• [Task description]
Find the line below with "ひし形 スター スタイル" and the line with "y estilo! 🍒✨💖". Output them and the lines between, exactly, but not the pictures.

• [Available data]
== Segment start ==

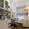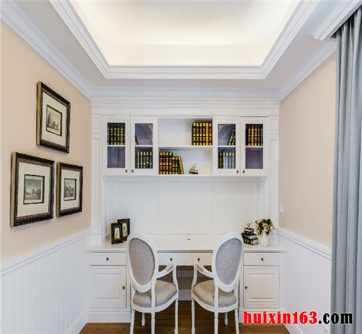 色彩运用豪迈奔放,符合欧式系列家装的一惯特征。具体到书房这一职能空间的处理上,设计师充分依托空间和户型的优势,利用线条的勾勒来进行配合处理。使整体达到自然和谐的状态,同时,为了体现书房的功能性特点,把书房家具配置的点缀作用放在了主要位置进行处理。达到了良好的效果。
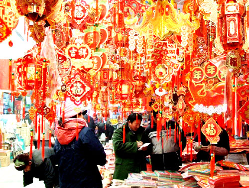 The expression explains itself. The Chinese people have the custom of sticking up pictures to celebrate the traditional New Year(which is also called the Spring Festival). This was recorded in historical works of the Song Dynasty (960-1279). The custom is particularly popular in the vast countryside, where just before the festival day every household will be busy spring cleaning and pasting colourful pictures or paper cuttings on their doors, windows, walls, even wardrobes and stoves.
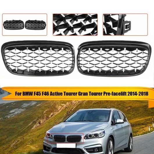 ひし形 スター スタイル フロント グリル バンパー 適用: BMW F45 F46 アクティブ ツアラー グラン ツアラー フェイスリフト前 2014 2015 2016 2017 2018 ハーフ クローム AL-NN-1011 AL
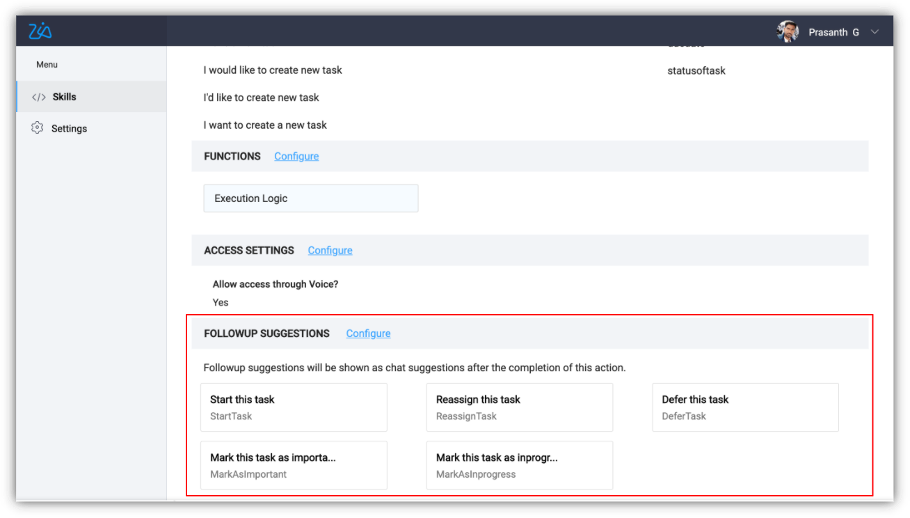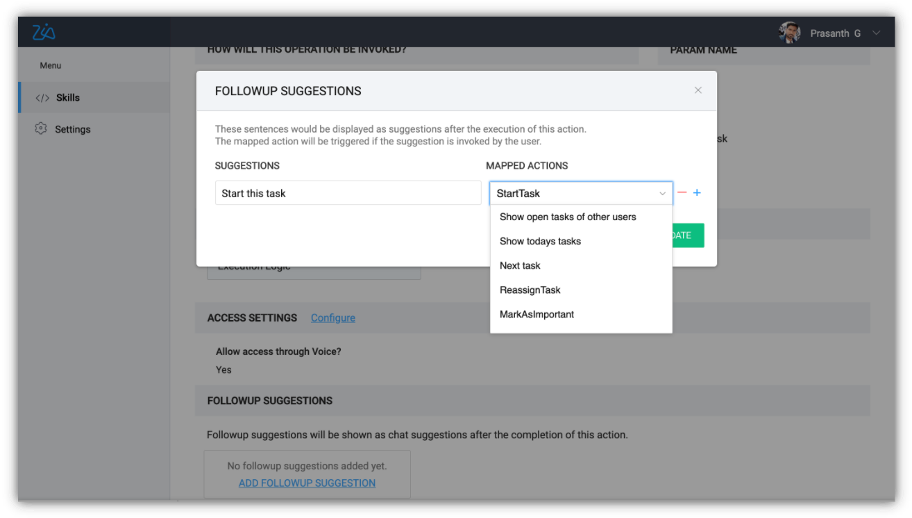 Action Followups defines what the bot should recommend the user after executing an action, in order to engage the user further in conversation. The bot can display a list of suggestions or ask if it can invoke another action, that might be contextually useful to the user after completing an action.
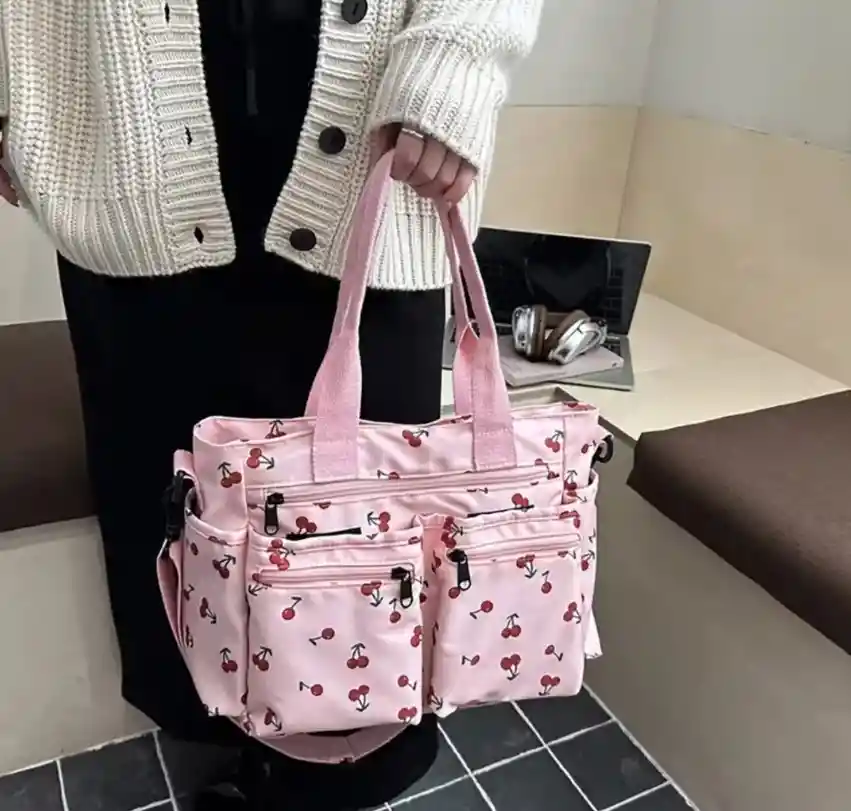 👜🍒 Pañalera de Cerezas 🍒👜 Hermosa pañalera con estampado de cerecitas, perfecta para acompañar cada aventura con tu bebé reborn o muñeca 🍓👶 (¡súper tierna!). Su diseño alegre y delicado la convierte en un accesorio encantador y práctico 💕✨. 🍒 Estampado dulce y moderno 🍼 Ideal para guardar pañales, tetero y accesorios 💗 Liviana, cómoda y fácil de llevar 👧 Perfecta para juegos de rol y cuidado del bebé 🎁 Ideal como regalo para niñas ¡Un accesorio lleno de color, ternura y estilo! 🍒✨💖
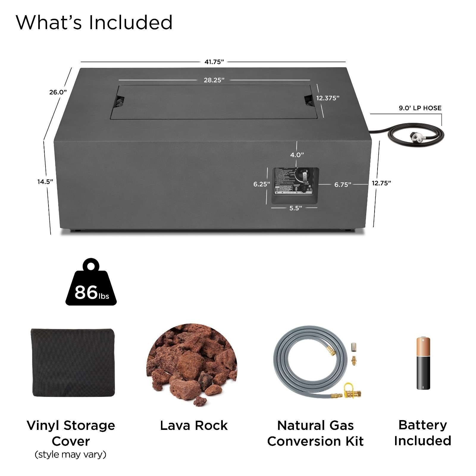 - Includes fire table with leveling feet, 23″ linear stainless steel burner, burner lid, lava rock filler, storage cover, AAA battery, tank seat, touch up paint for mist gray and weathered slate finish, 9’LP hose with regulator and natural gas conversion kit with 10 NG hose and quick connect socket
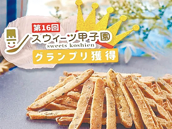 神戸市垂水区の障害福祉サービス事業所「音楽堂」が製造。自社の豆乳工場で出た新鮮なおからを県産サツマイモの生地と組み合わせ、一つ一つ丁寧に焼き上げた新感覚のお茶菓子です。1袋(60g)550円。インターネットでも販売しています。
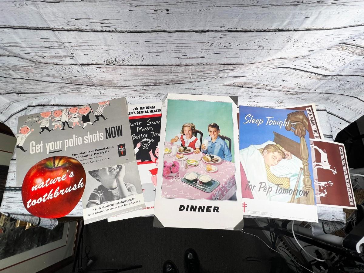 Lot of Vintage Retro Health and Hygiene Teacher Classroom Educational Posters National Tuberculosis Association National Dairy Council & More
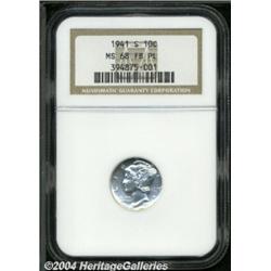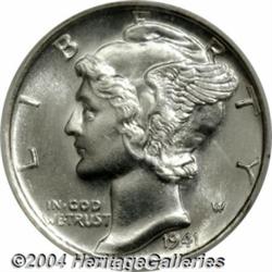 <B>1941-S<10C> MS68 Full Bands Prooflike NGC.</B></I> Small S mintmark. The centers are needle-sharp, while the tops of a few of the peripheral legends do not have complete definition. This brilliant and seemingly immaculate Superb Gem has unusually reflective fields for the issue. <BR><BR><B>Important notice:</B> Heritage usually auctions material at the rate of 200-250 lots per hour. On some occasions eBay Live bid software or the Internet may not be able to keep up with the pace of the auction. We recommend placing a realistic absentee bid now as insurance to avoid disappointment. Occasionally the auctioneer may eliminate or reject an eBay Live bid, and the auctioneer may also reopen a lot after the close of the eBay live bidding (usually because we missed an audience bid), and may reject your bid even if it shows you as the winning bidder. By bidding via eBay Live, you agree that Heritage may award the lot to another bidder at its sole discretion under the circumstances described above or any other reasonable circumstances. Since eBay bids are not shown to us until we open the lot on the floor, we treat those bids just like floor bids. In most cases the floor responds before the eBay bid is presented to us, due to Internet lag time, so for consistency we have made it a policy that floor bids are always considered first over tie eBay live bids. Also please note that all Heritage lots purchased through eBay Live carry a 20% Buyer's Premium. Please make sure you read the Terms and Conditions before you bid. </span></font></tr></table></td></tr></table>
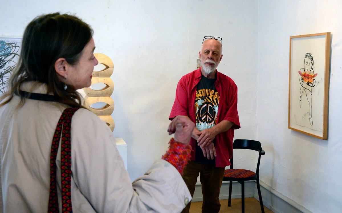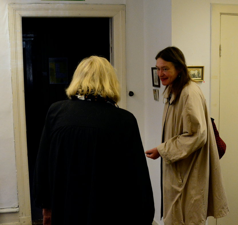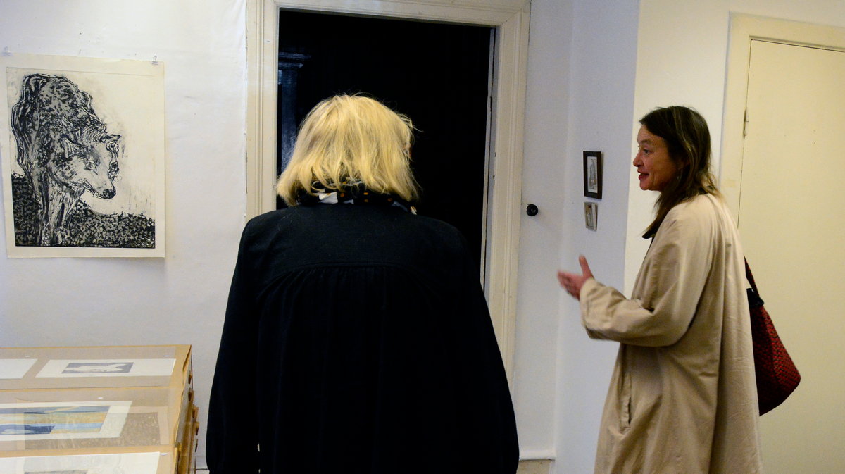 Under lördagen gick vår nya tillfälliga granne i Rosa huset runt och såg på utstllningarna. Hon kommer från Dresden och är gästgrafiker hos Konstgrafiska.

== Segment end ==

• [Answer to the problem]
 ひし形 スター スタイル フロント グリル バンパー 適用: BMW F45 F46 アクティブ ツアラー グラン ツアラー フェイスリフト前 2014 2015 2016 2017 2018 ハーフ クローム AL-NN-1011 AL
 Action Followups defines what the bot should recommend the user after executing an action, in order to engage the user further in conversation. The bot can display a list of suggestions or ask if it can invoke another action, that might be contextually useful to the user after completing an action.
 👜🍒 Pañalera de Cerezas 🍒👜 Hermosa pañalera con estampado de cerecitas, perfecta para acompañar cada aventura con tu bebé reborn o muñeca 🍓👶 (¡súper tierna!). Su diseño alegre y delicado la convierte en un accesorio encantador y práctico 💕✨. 🍒 Estampado dulce y moderno 🍼 Ideal para guardar pañales, tetero y accesorios 💗 Liviana, cómoda y fácil de llevar 👧 Perfecta para juegos de rol y cuidado del bebé 🎁 Ideal como regalo para niñas ¡Un accesorio lleno de color, ternura y estilo! 🍒✨💖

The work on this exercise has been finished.